Carey Wasden, a bishop of a young single adult ward at BYU-Hawaii, had a much different weekend than he expected after the announcement was made.
"Between the Sunday sessions we always get some guys together and take cinnamon rolls to sisters in the ward, and when we went out the sisters were all over us to set up appointments," Wasden said. "During the session I got 12 emails, 12 sisters wanting meetings with us for mission papers."
In his ward, Wasden knows of 10 sisters who have just been waiting for their 21st birthdays to put in their papers. None of the 12 who contacted him over the weekend was amongst those 10.
"I have to clear all mission papers with home wards; I've been on the phone all evening with bishops, and they've said they (those girls) are not the only ones they've talked to," Wasden said.
President Monson's announcement clearly sparked a sense of excitement and made the work of missionaries even more urgent, Wasden said. He also believes it will help young people, young men especially, carry their momentum from high school seminary classes out into the mission field.
"It's going to be interesting for college," Wasden said. "From campuses to mission fields, it's going to change the patterns of who's in school and who is not."
Jenessa Nielsen, 19, attended the conference session where President Monson made the announcement with her best friends.

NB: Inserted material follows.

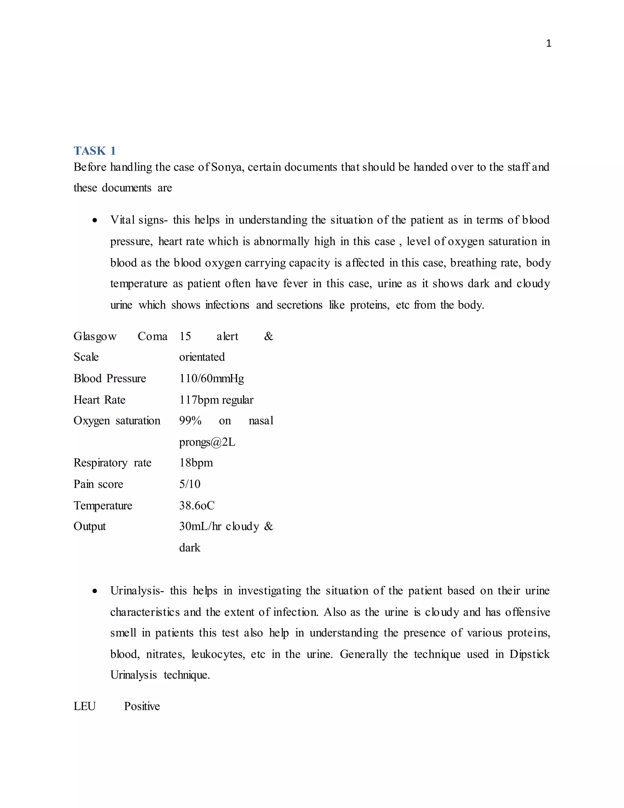The document outlines the critical nursing care plan for a patient named Sonya suffering from acute urinary tract infection and pyelonephritis, highlighting essential diagnostic tests, treatment protocols, and necessary documentation. It emphasizes the importance of monitoring vital signs, pain management, and timely administration of medications to prevent complications such as renal failure and sepsis. The report also details the interventions required and the nursing responsibilities in ensuring patient safety and effective recovery.

Afterwards the friends looked at each other and knew they would be going on missions soon.
"I feel like my whole life has been changed, this has changed everything," Nielsen said. "I'm hoping to go out in May or June, right after school gets out, I just want to get out there."
The feeling was contagious. So was the feeling of being part of something so many are considering special, which Moore related to his family.
"He made the comment a little while into the meeting," his mother Melissa said. "'I'm so grateful as a family we got to watch conference and that we got to hear that. We actually heard the prophet announce it. For him he knew that it was an exciting moment … to actually be in the group to benefit from it."